#### What to do
Reproduce only this range: the line holding "In a shocking" through the last line of the data below, both included, exactly, with no pictures.

#### Material for the task
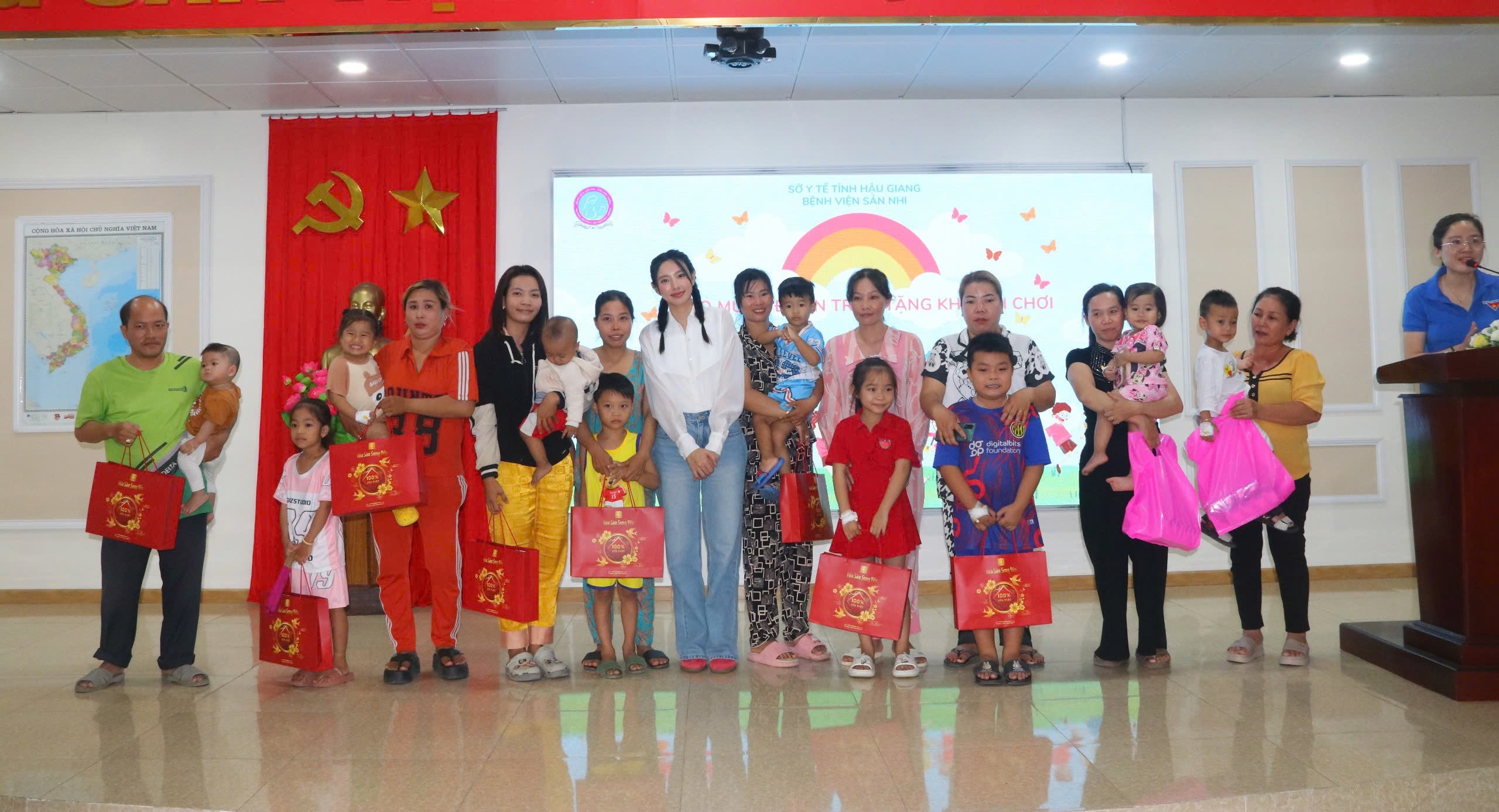 Nhân dịp này, Công ty Giải trí Sen Vàng, tổ chức Giọt Nắng (Sunbeams) và Hoa hậu Nguyễn Thúc Thùy Tiên đã trao tặng những phần quà ý nghĩa nhằm động viên tinh thần các em thiếu nhi đang điều trị tại bệnh viện.
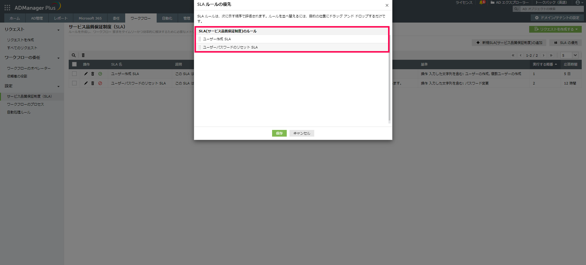 ・変更優先度:SLA違反時のワークフローリクエストの優先度を選択
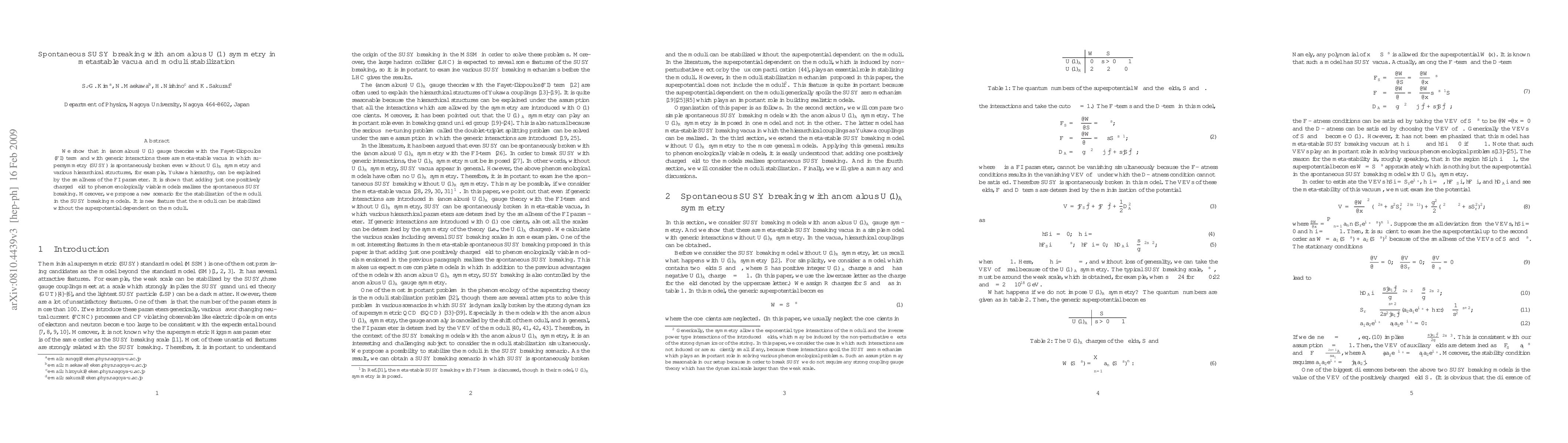 This paper demonstrates that in anomalous U(1) gauge theories with the Fayet-Iliopoulos term, spontaneous SUSY breaking can occur in metastable vacua without U(1)_R symmetry. It also proposes a new method for moduli stabilization in SUSY breaking models, explaining hierarchical structures through the smallness of the FI parameter and determining various scales via U(1) charges.
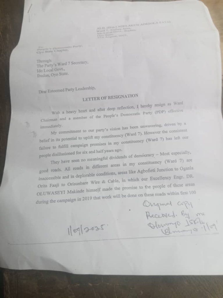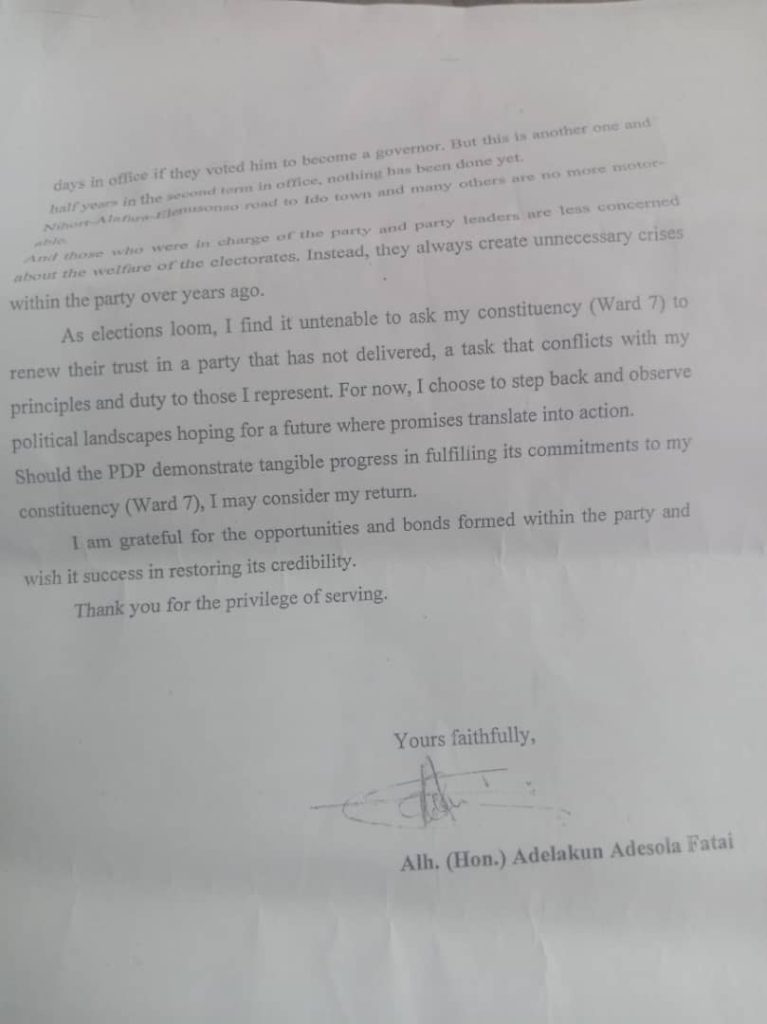 In a shocking development, Alhaji Adelakun Adesola Fatai, Chairman of the People’s Democratic Party (PDP) in Ward 07 of Ido Local Government Area of Oyo State, has announced his exit from the party.
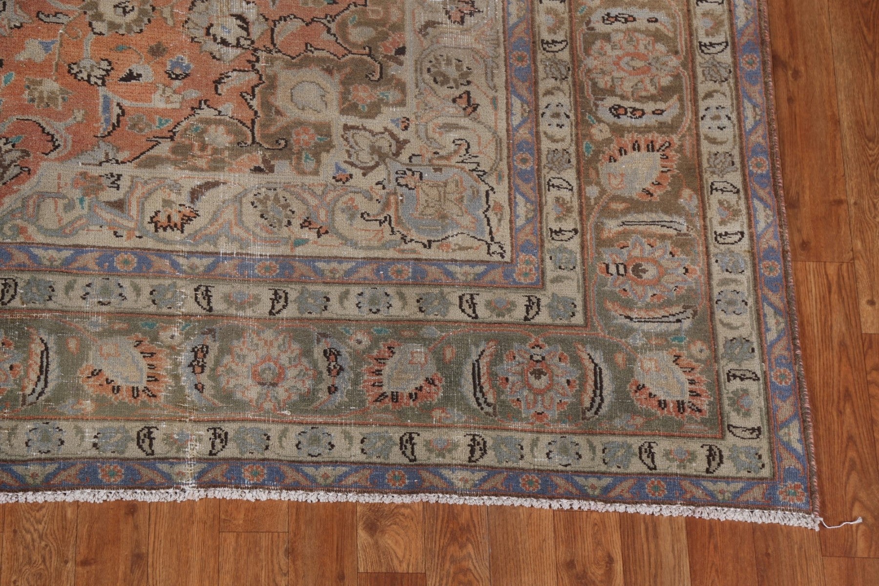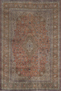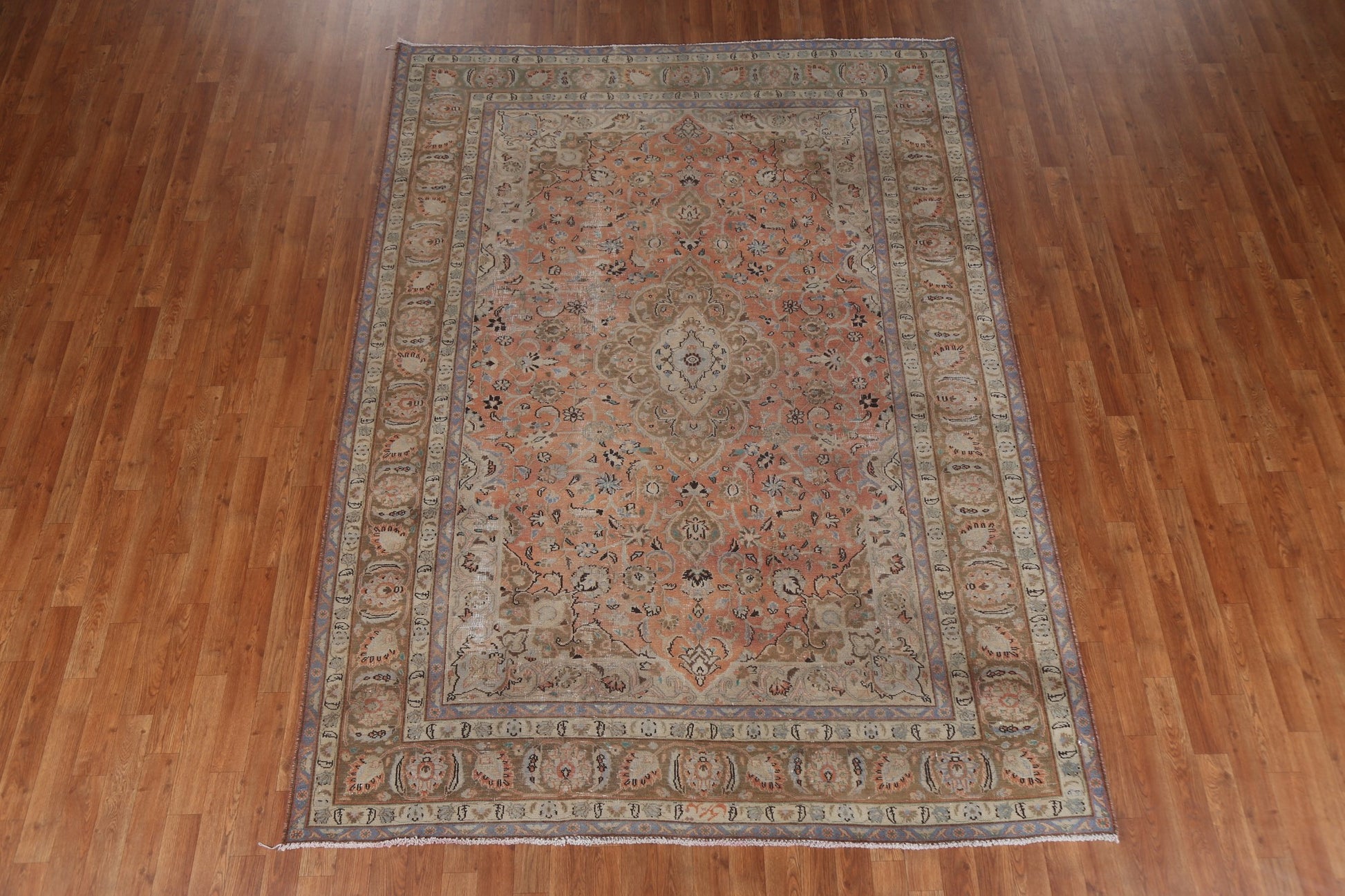 A Beautiful Genuine Persia ( Persia ) Kashan rug is Hand Knotted by skillful weavers in Persia ( Persia ) with 100% Wool Material. This rug is in Very Good ( Low Pile ) condition. dimensions are 9' 2'' X 6' 7'' in foot and 279 X 201 in centimeter. the primary color is Oranges & Rust.

#### Output for this task
 In a shocking development, Alhaji Adelakun Adesola Fatai, Chairman of the People’s Democratic Party (PDP) in Ward 07 of Ido Local Government Area of Oyo State, has announced his exit from the party.
 A Beautiful Genuine Persia ( Persia ) Kashan rug is Hand Knotted by skillful weavers in Persia ( Persia ) with 100% Wool Material. This rug is in Very Good ( Low Pile ) condition. dimensions are 9' 2'' X 6' 7'' in foot and 279 X 201 in centimeter. the primary color is Oranges & Rust.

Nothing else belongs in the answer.